J'étais mineur, mais j'avais l'accord de mes parents pour recevoir et héberger les agents de liaison
nationaux, venant pour la plus part de Paris et que j'allais chercher soit en gare de Morcenx, ou
encore de Rion ou de Dax. Ces agents avaient forcément des faux noms et je ne les connaissais que
sous des prénoms qui n'étaient pas les leurs. Par exemple: "Jean-Claude", "Marcel", "Gaston", etc. Je
ne pouvais les recevoir que s'ils avaient un nom de "passe" prévu à l'avance et qui changeait tous les
mois. De plus, à compter de Juin 1942, le mot de passe seul ne suffisait pas, il fallait un autre signe
de reconnaissance; soit tel journal ou tel crayon de couleur ou autre.
Moi-même, dès le mois de Juin, après l'arrestation de Gilbert, j'avais deux pseudonymes; quand
j'allais à Morcenx ou à Rion chercher les agents de liaison, c'était "Zézé"; quand j'allais à Dax, c'était
"Paulette".
D'ailleurs ce "Paulette" me valut des coups de nerfs de boeuf et autres sévices lors des
interrogatoires, car les inspecteurs voulaient savoir qui était cette fille et d'où elle venait! Cela me
confirma en tout cas que la police de Vichy ne m'avait pas identifié pour mes liaisons à Dax!
Après nos actions du 1er Mai1942, ces sabotages ont eu des conséquences.
Le chef de groupe arrêté!!
Gilbert Dupau, mon chef de groupe déjà fiché par la police de Vichy comme communiste fût arrêté
très vite après. Mais Gilbert ne parla pas, malgré des interrogatoires" musclés". Ce qui me permit de
continuer [a Résistance comme Chef de groupe des F.T.P. Nos actions se poursuivirent bien qu'il ne
fût pas possible de renouer le contact avec une partie des Résistants de Carcens-Ponson qui se firent
"oublier". Je continuais donc avec mon propre groupe.

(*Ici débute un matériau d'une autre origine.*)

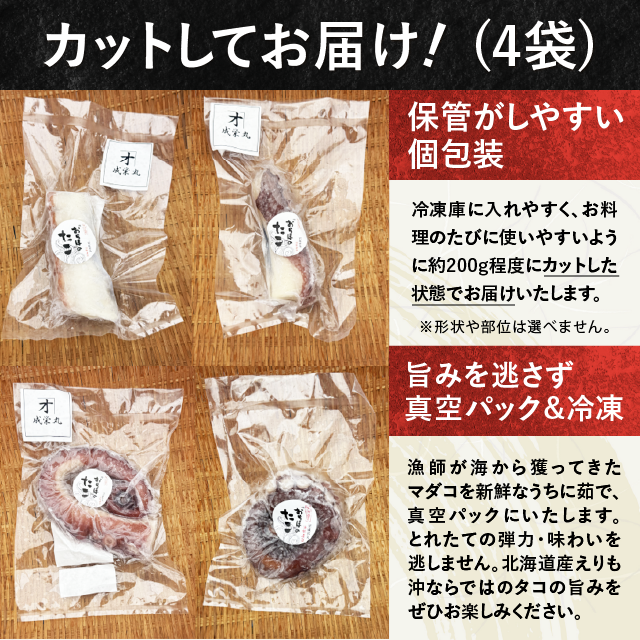 ■内容量:北海道(えりも)産 真ダコ 約800g (約200g×4個 個包装)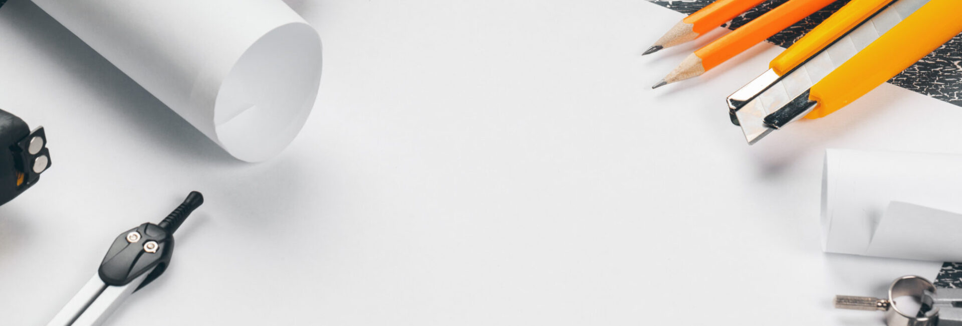 Architect working with blueprints for sketching a construction project, green energy and solar panel concept.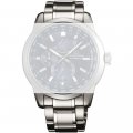 Dit Orient horlogebandje is gemaakt van roestvrij staal en wordt aan het horloge bevestigd door middel van bandpennen. De band heeft een breedte van 20 mm en wordt gesloten door middel van een vouwsluiting met drukknoppen. De band heeft geen rechte aanzet wat betekent dat deze band alleen geschikt is voor de horloges die hieronder worden vermeld.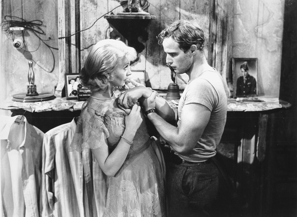 ilumina (o los deja en penumbra, como es el caso de la protagonista femenina, que así manifiesta su miedo al envejecimiento). La espléndida dramaturgia del gran Tennessee Williams (que, como siempre, se caracteriza por una tensión que bordea el exceso) es aprovechada en todas sus dimensiones, pero su principal foco, por supuesto, es la famosa confrontación entre los inolvidables personajes del agresivo y machista Stanley Kowalski y la frágil y neurótica Blanche DuBois. Una confrontación que se produce en todos los órdenes: del social al sexual, del moral al interpretativo, dando ocasión en este último aspecto a un genial duelo entre dos actores tan diferentes pero, a la vista está, complementarios como Marlon Brando y Vivien Leigh. Quien desee leer un análisis de mayor amplitud de este film puede encontrarlo en el artículo que publiqué hace bien poco sobre las películas basadas en obras del autor.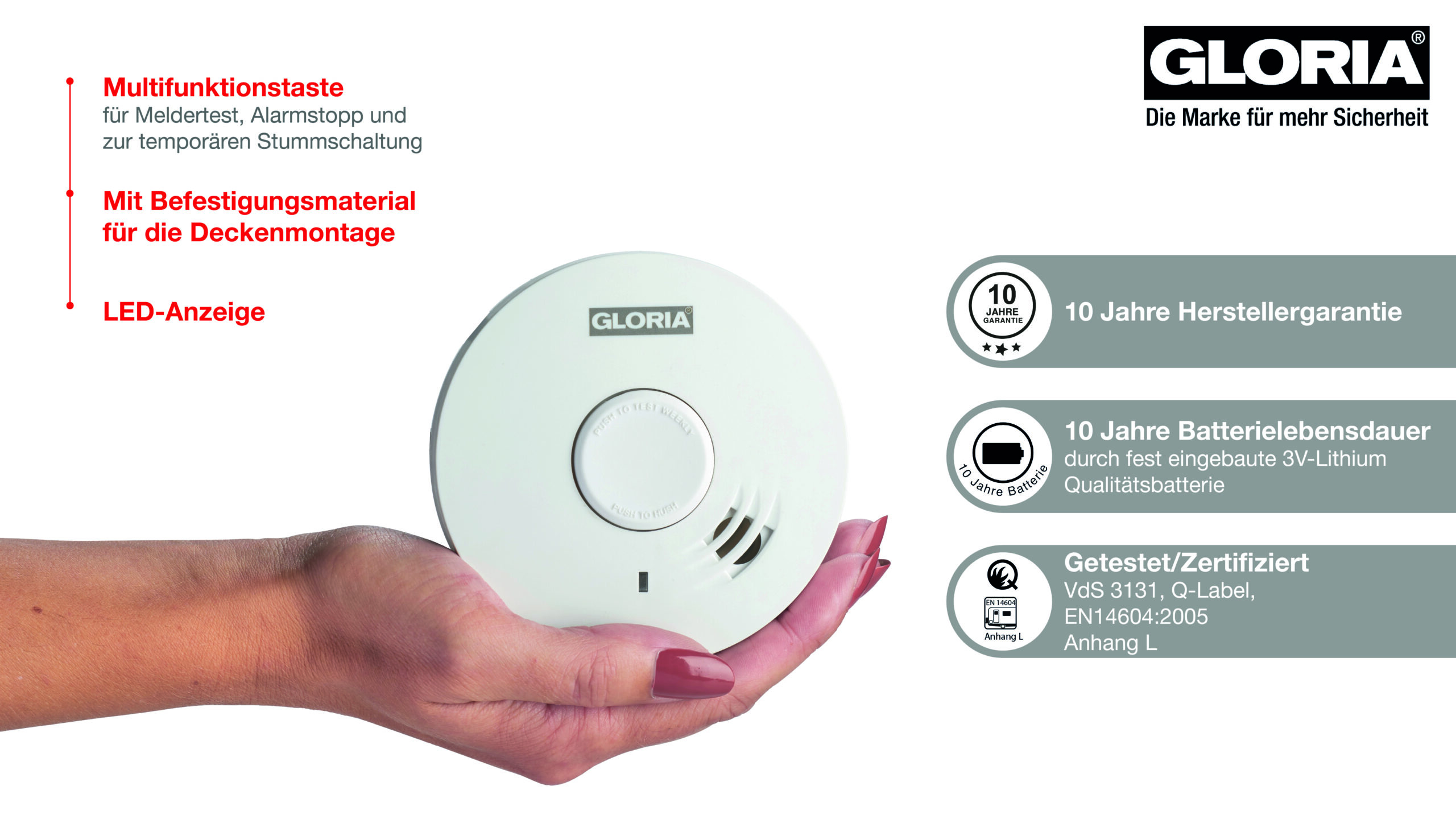 | Normen/Zertifizierung | EN 14604:2005+AC : 2008, Anhang L, VdS 3131, Q-Label, vfdb 14/01 |

Le 14 Juillet 1942, sabotage de trois wagons allemands stationnés en gare de Laluque et destruction
"partielle" d'une usine à Laluque. J'y fus aidé par un cheminot de la gare en question et aussi pour
l'usine par Jean-Degret, lequel coiffait le sous-groupe de Laluque. Tout se passa bien, sauf que l'usine
ne fût pas totalement mise hors-service.
De plus, courant Juillet, nous sommes entrés en contact avec un Résistant de Buglose qui, via
Degret, nous acheminait des prisonniers de guerre africains qui s'évadaient du camp d'internement de
Buglose. Je me chargeais de les faire passer en zone libre, par Tartas.
L'objectif du 20 Septembre 1942 (date anniversaire de la bataille de Valmy du 20 Septembre 1792)
était pour nous primordial. L'organisation Nationale avait donné des ordres précis pour marquer cette
date, par des actions programmées dans toute la France occupée. Pour ce qui me concerne, je
devais recevoir des explosifs à cet effet, je m'étais donc fixé deux objectifs principaux. Premièrement,
le sabotage du poste électrique des chemins de fer " Cougnala " à Lesgor et deuxièmement, le
sabotage d'une grue en gare de Laluque qui servait surtout aux allemands sur la zone de
stationnement des convois de matériel militaire nazi, là où déjà nous avions saboté trois wagons de
l'armée allemande le 14 Juillet dernier.
Mon plan était prêt, avec l'aide des camarades dirigés par le sous-chef de groupe Degert pour l'action
en gare de Laluque. Il ne manquait plus que les explosifs et les détonateurs promis qu'un agent de
liaison devait me faire parvenir.
Dans le courant du mois d'Août, un agent de liaison est venu avec un homme parlant anglais pour
rechercher près de chez moi, un terrain propice à des parachutages d'armes et de munitions. Je leur
ai proposé le champ situé au Nord de notre ferme et qui avait semblé favorable à l'homme qui
accompagnait l'agent de liaison.
Nota: Après mon arrestation, il y a bien eu des armes parachutées, mais pas exactement dans le
champ que j'avais proposé, mais tout prés, à quelques deux cents mètres plus au Nord; dans un autre
terrain, au lieu-dit" Le Cassou ".
Mes liaisons clandestines avec les agents de transmission sont devenues de plus en plus difficiles.
Dès le mois d'Août, il n'était plus question de liaison sans au moins deux signes de reconnaissance.
En plus du mot de passe, il fallait un deuxième élément, tel journal par exemple ou un crayon de
couleur.
A la fin du mois d'Août, je reçus l'ordre de me rendre le 30, à une réunion clandestine à Dax. Notre
point de rencontre était fixé au bar Hontaréde, prés de la gare vers 15 heures.